What the exercise asks -
Pictures are to be dropped, and only the lines from the one containing "Comece a semana" through the end of the data below are to be reproduced as written.

*** Information supplied ***

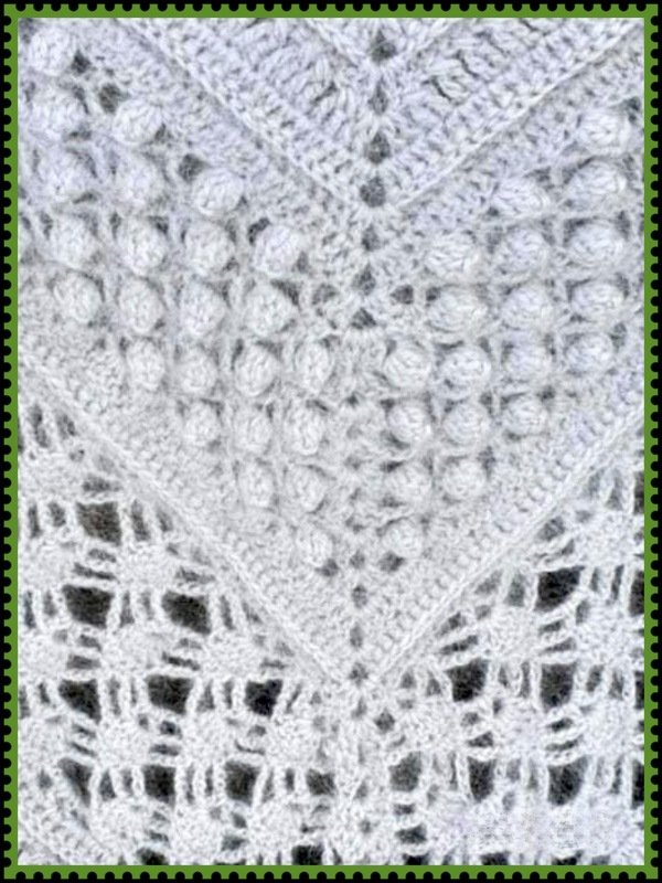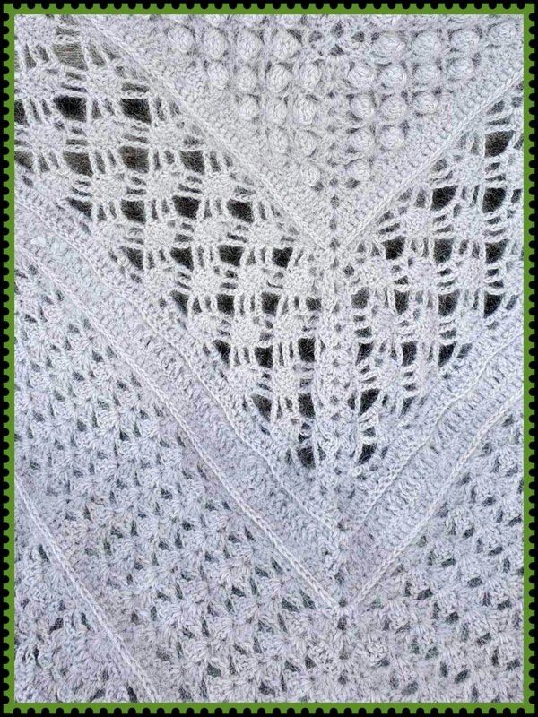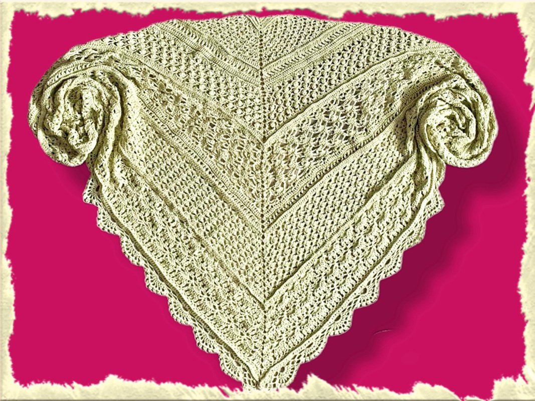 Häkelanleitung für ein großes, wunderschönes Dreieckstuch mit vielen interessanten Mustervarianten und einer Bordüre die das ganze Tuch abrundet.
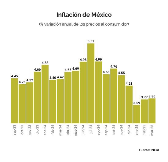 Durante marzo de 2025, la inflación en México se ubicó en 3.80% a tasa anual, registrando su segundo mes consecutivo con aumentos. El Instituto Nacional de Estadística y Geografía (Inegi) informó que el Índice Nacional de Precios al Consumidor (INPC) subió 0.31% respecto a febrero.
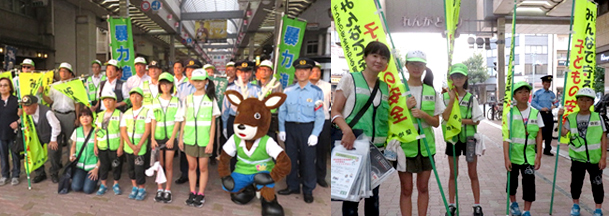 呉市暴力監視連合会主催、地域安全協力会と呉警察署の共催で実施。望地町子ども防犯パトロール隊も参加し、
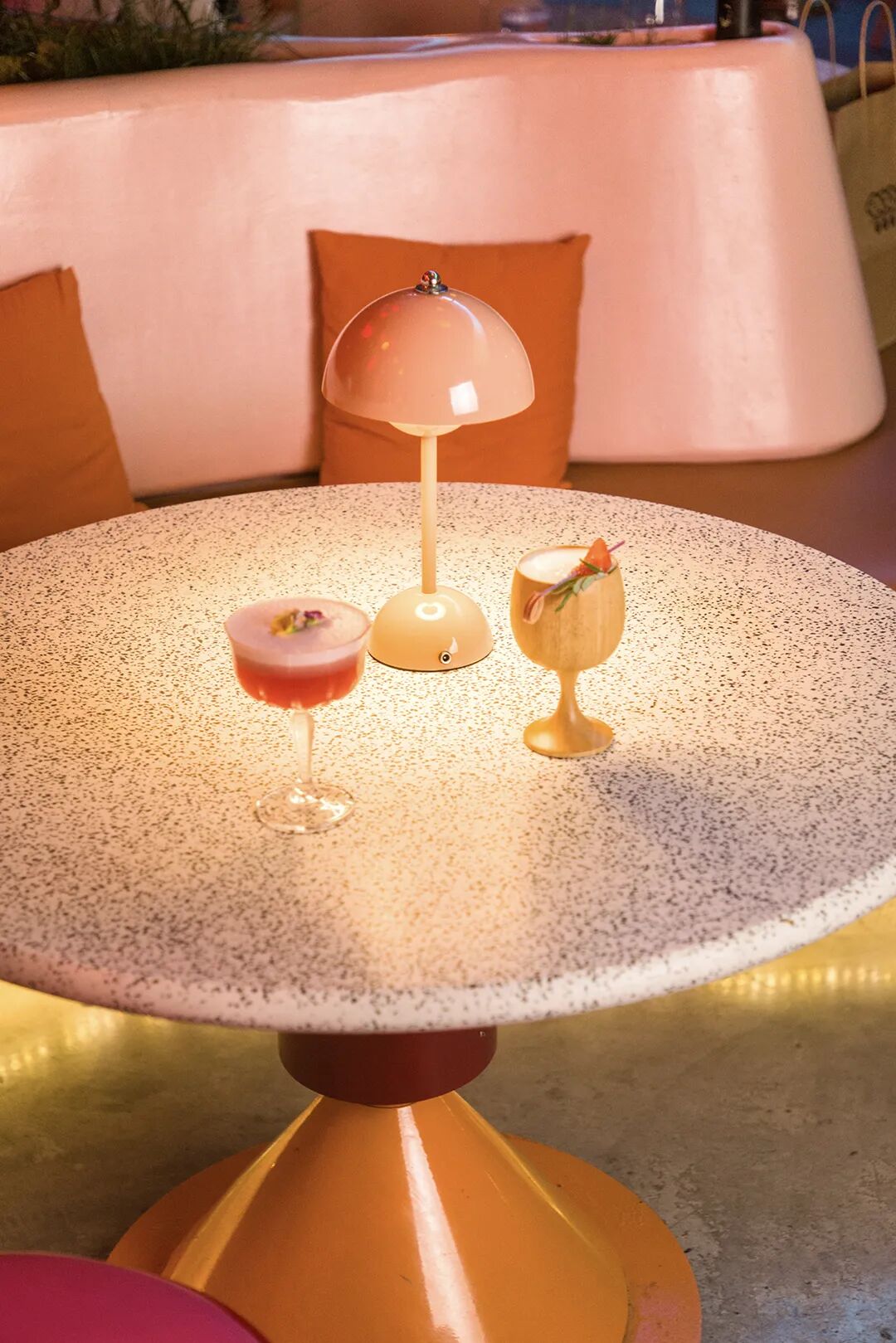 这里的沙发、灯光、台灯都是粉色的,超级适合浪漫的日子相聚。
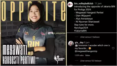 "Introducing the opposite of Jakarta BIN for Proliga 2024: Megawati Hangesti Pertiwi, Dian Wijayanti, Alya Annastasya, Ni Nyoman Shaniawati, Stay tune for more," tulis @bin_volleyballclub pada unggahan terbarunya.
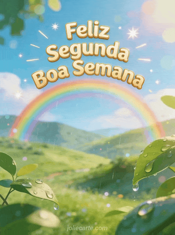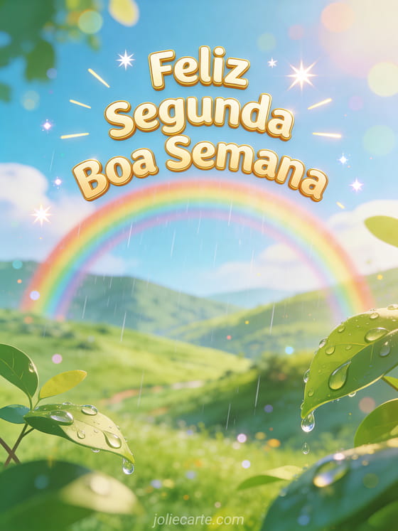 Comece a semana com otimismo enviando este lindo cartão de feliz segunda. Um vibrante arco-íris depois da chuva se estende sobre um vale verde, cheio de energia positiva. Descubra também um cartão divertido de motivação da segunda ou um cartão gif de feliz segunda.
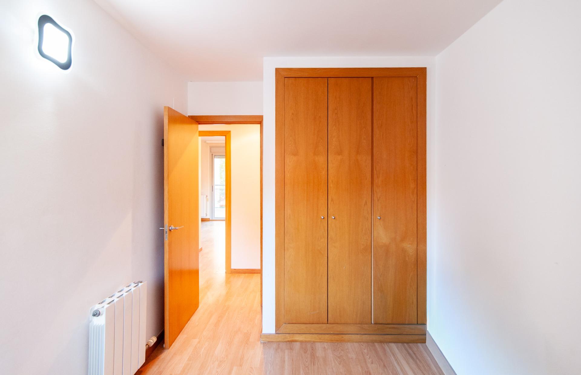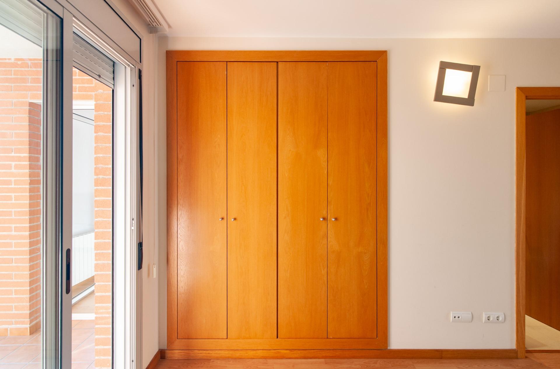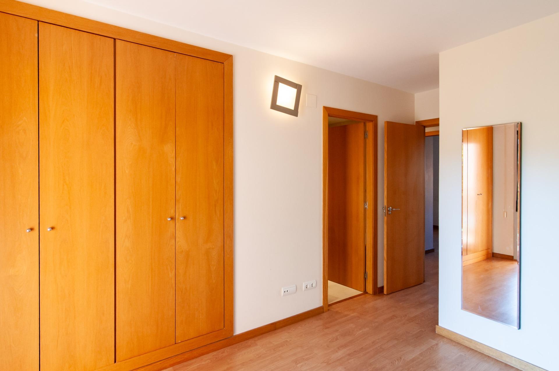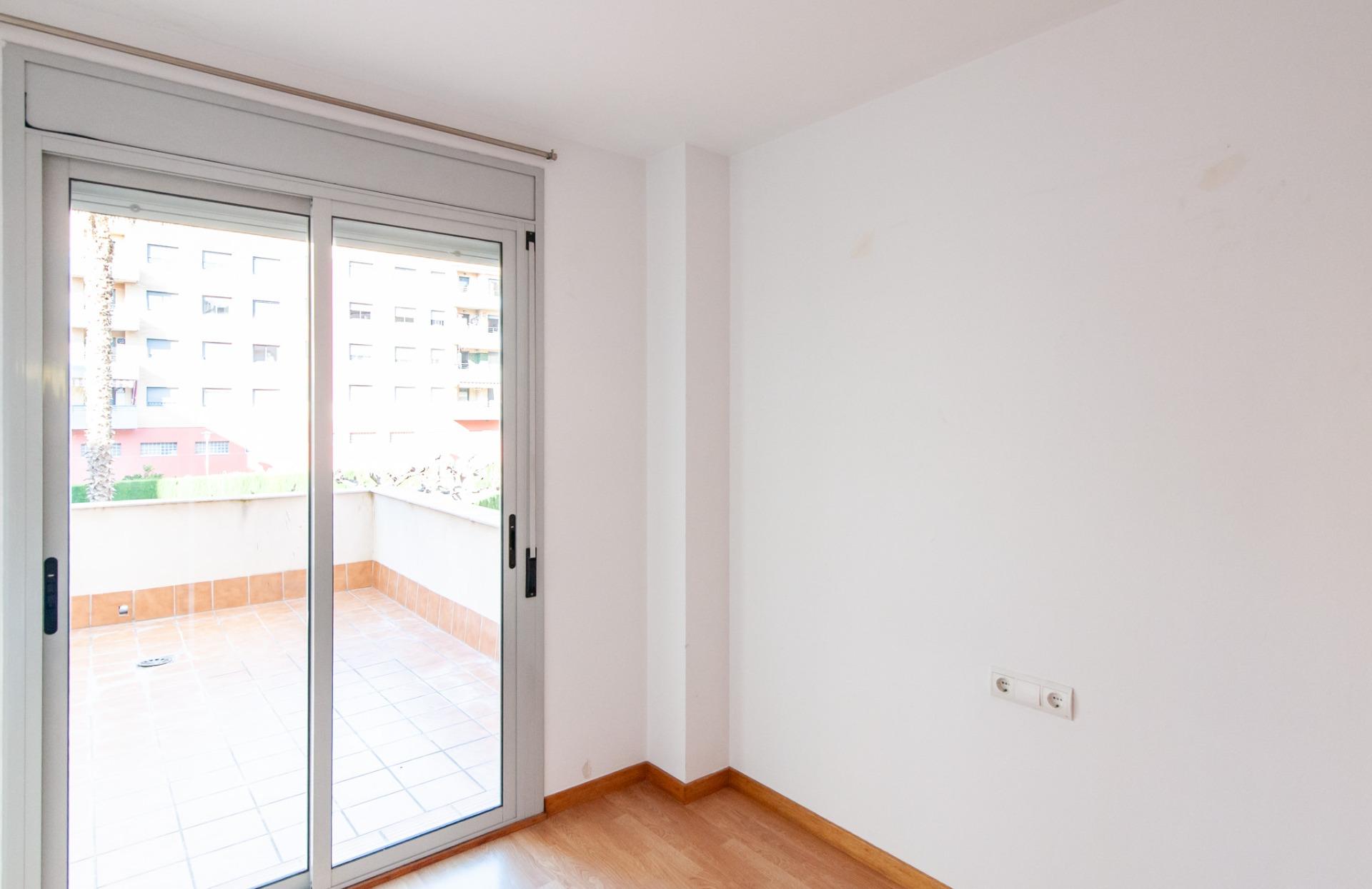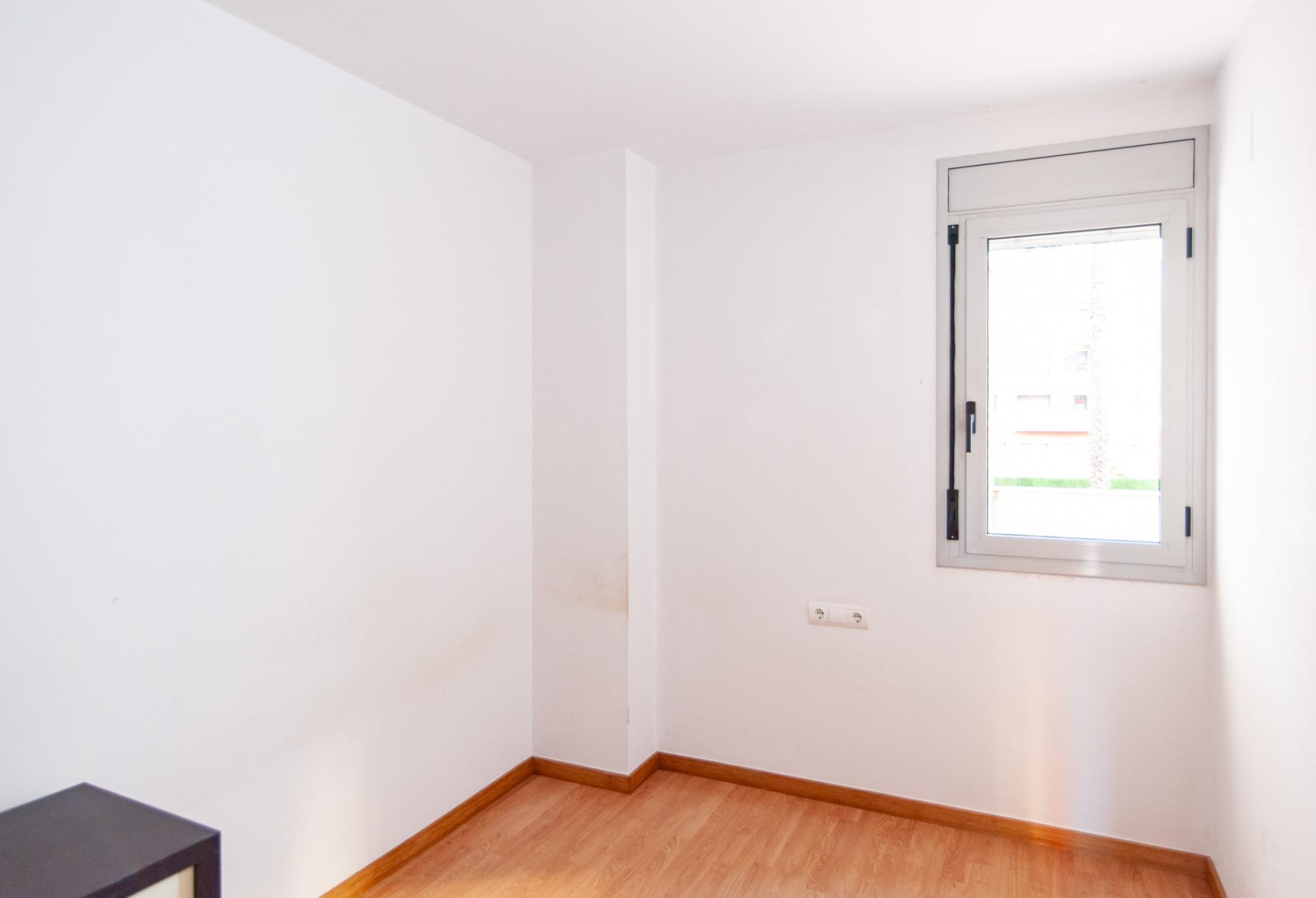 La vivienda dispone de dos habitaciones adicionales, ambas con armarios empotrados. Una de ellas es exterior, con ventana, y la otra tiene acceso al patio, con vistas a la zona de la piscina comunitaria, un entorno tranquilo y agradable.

***

Exercise answer -
 Comece a semana com otimismo enviando este lindo cartão de feliz segunda. Um vibrante arco-íris depois da chuva se estende sobre um vale verde, cheio de energia positiva. Descubra também um cartão divertido de motivação da segunda ou um cartão gif de feliz segunda.
 La vivienda dispone de dos habitaciones adicionales, ambas con armarios empotrados. Una de ellas es exterior, con ventana, y la otra tiene acceso al patio, con vistas a la zona de la piscina comunitaria, un entorno tranquilo y agradable.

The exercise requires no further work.